Volume penjualan juga mengalami lonjakan lebih tinggi, yakni 2,29 juta ton, atau tumbuh 31,05 persen secara tahunan.

Selain nikel, Perseroan juga mencatat peningkatan signifikan pada produksi batu kapur yang melonjak hampir tiga kali lipat menjadi 321 ribu ton, dibandingkan 80 ribu ton pada tahun sebelumnya. Penjualan batu kapur turut naik 55,53 persen, dari 70 ribu ton menjadi 109 ribu ton pada akhir September 2025.

Dari sisi keuangan, penjualan bersih PT Central Omega Resources Tbk mencapai Rp 1,24 triliun, naik 29,52 persen dibandingkan dengan Rp 960,89 miliar pada sembilan bulan pertama 2024. Beban pokok penjualan tercatat sebesar Rp 618,76 miliar, atau meningkat 14,28 persen dari periode sebelumnya, sehingga menghasilkan laba kotor sebesar Rp 625,75 miliar, tumbuh 49,19 persen secara tahunan.

Efisiensi operasional turut terlihat dari penurunan beban umum dan administrasi sebesar 17,95 persen menjadi Rp 152,25 miliar. Dengan demikian, laba usaha Perseroan melonjak lebih dari dua kali lipat menjadi Rp 473,50 miliar, dibandingkan Rp 233,89 miliar pada tahun sebelumnya.

Setelah memperhitungkan pendapatan dan beban lain-lain sebesar Rp 71,09 miliar, serta beban pajak yang meningkat menjadi Rp 101,90 miliar, Perseroan membukukan laba bersih sebesar Rp 442,69 miliar. Angka ini melesat 54,75 persen dibandingkan Rp 286,06 miliar pada periode yang sama tahun 2024.

 

 

 

EBITDA Emiten DKFT

Kinerja tersebut juga tercermin pada laba per saham yang naik menjadi Rp 80,23, dari sebelumnya Rp 52,50 per saham. Sementara itu, EBITDA Perseroan mencatatkan peningkatan signifikan hingga 197,94 persen, dari Rp 214,17 miliar menjadi Rp 638,09 miliar, menandakan penguatan efisiensi dan profitabilitas inti yang semakin baik.
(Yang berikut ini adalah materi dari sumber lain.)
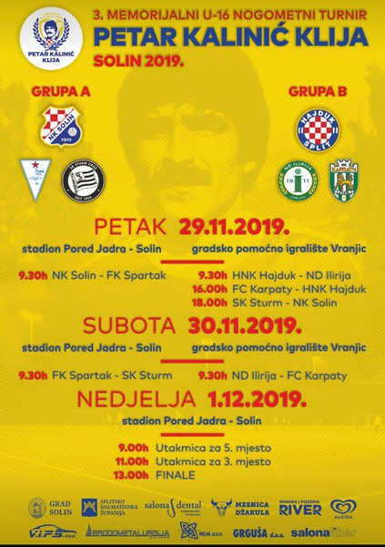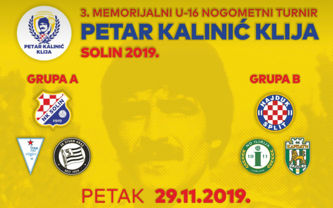 Od petka do nedjelje na stadionu Pokraj Jadra i na pomoćnom gradskom terenu s umjetnom travom u Vranjicu održati će se 3. po redu memorijalni nogometni turnir U-16 „Petar Kalinić – Klija“ Solin 2019. koji se održava u znak sjećanja na legendarnog igrača i trenera NK Solin koji je preminuo prije 3 godine nakon teške bolesti.

Selain itu, arus kas dari aktivitas operasional tercatat sebesar Rp 677,4 miliar, tumbuh 25 persen secara tahunan, memberikan posisi likuiditas yang kuat untuk mendukung ekspansi Perseroan di masa mendatang.
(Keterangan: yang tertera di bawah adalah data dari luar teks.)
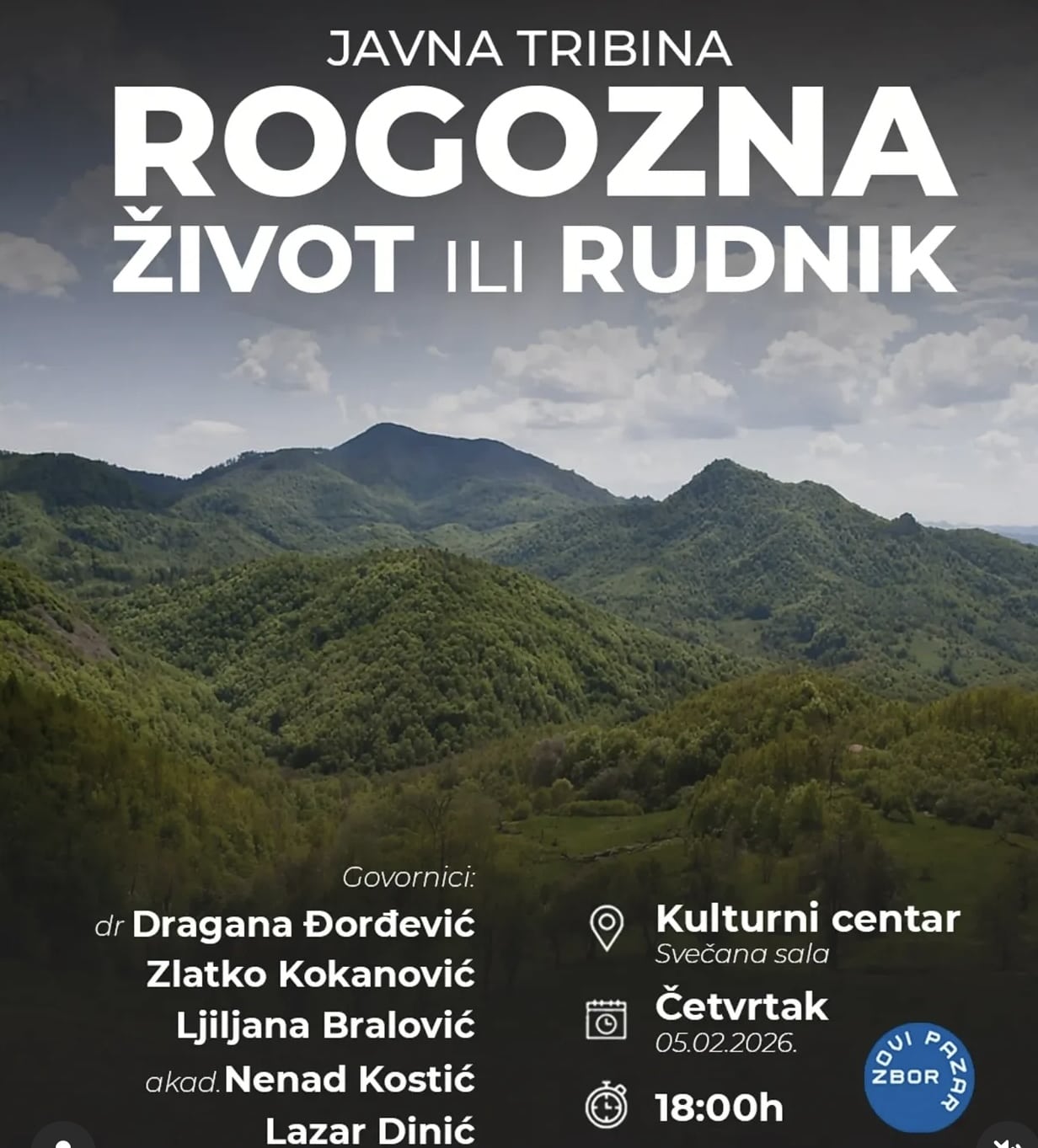 Pitanje potencijalnog rudarenja na Rogozni i njegovih mogućih posledica po zdravlje ljudi, prirodne resurse i budućnost lokalne zajednice biće u fokusu javne tribine „Rogozna – život ili rudnik“, koja će biti održana u svečanoj sali Kulturnog centra u Novom Pazaru.

Direktur PT Central Omega Resources Tbk, Feni Silviani Budiman, menyampaikan pencapaian positif ini merupakan hasil dari strategi yang konsisten dalam merespons dinamika pasar. 

"Kami berkomitmen untuk mempertahankan momentum pertumbuhan ini dan terus berfokus pada penciptaan nilai jangka panjang bagi seluruh pemangku kepentingan,” ujarnya.

 

Nikel hingga Kobalt, Indonesia Pegang Peran Vital di Era Energi Bersih

Sebelumnya, Indonesia dinilai memiliki peran penting dalam mendukung transisi energi berkat kekayaan sumber daya mineral strategis yang dimilikinya. Executive Director Indonesian Mining Association (IMA), Hendra Sinadia, mengatakan critical minerals semakin menjadi perhatian global karena dibutuhkan untuk mendukung berbagai teknologi energi bersih.
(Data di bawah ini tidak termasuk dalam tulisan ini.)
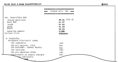 Tento zoznam neobsahuje informácie o nastavení pre voľbu <Nastavenia siete> a <Nastavenia správy systému>. Ak chcete skontrolovať všetky položky nastavení, vytlačte zoznam dát správcu systému.

“Critical minerals, yang mana salah satunya adalah komponen nikel, ada lithium, ada cobalt, ini menjadi sangat penting di era transisi energi. Jadi dunia yang bertransformasi ke energi yang lebih bersih, itu akan mengkonsumsi lebih banyak material strategic critical minerals,” ujar Hendra dalam acara Eramet Journalist Class: Memahami Industri Nikel Indonesia – Perspektif Terkini dan Praktik Berkelanjutan, Senin (25/8/2025).

Menurutnya, kebutuhan critical minerals akan meningkat tajam seiring berkembangnya teknologi energi baru. Hendra memaparkan transisi energi bisa dilihat dalam tiga gambaran besar, yaitu teknologi pembangkit (seperti tenaga surya, angin, dan nuklir), sistem penyimpanan energi (baterai kendaraan listrik dan hidrogen), serta jaringan transmisi dan distribusi.

 

Keunggulan Indonesia

Dalam konteks itu, Hendra menyebut Indonesia memiliki posisi istimewa yaitu pada 2023 Pemerintah menetapkan ada 47 critical minerals dan sekitar 22 strategic minerals.

"Indonesia kita praktis relatif kita tidak memiliki lithium dalam jumlah besar. Nah yang menarik untuk mengolah ini tentu membutuhkan energi yang kompetitif,” tuturnya.

Meski tidak memiliki cadangan lithium signifikan, Hendra menekankan Indonesia tetap unggul karena memiliki hampir seluruh jenis mineral penting lainnya. Nikel, kobalt, bauksit, hingga tembaga menjadikan Indonesia salah satu negara kunci dalam rantai pasok global untuk energi terbarukan.

Namun, ia mengingatkan pemanfaatan kekayaan mineral itu akan sangat bergantung pada daya saing energi di dalam negeri. Pengolahan mineral membutuhkan pasokan energi yang efisien dan kompetitif agar produk olahan bisa bersaing di pasar global.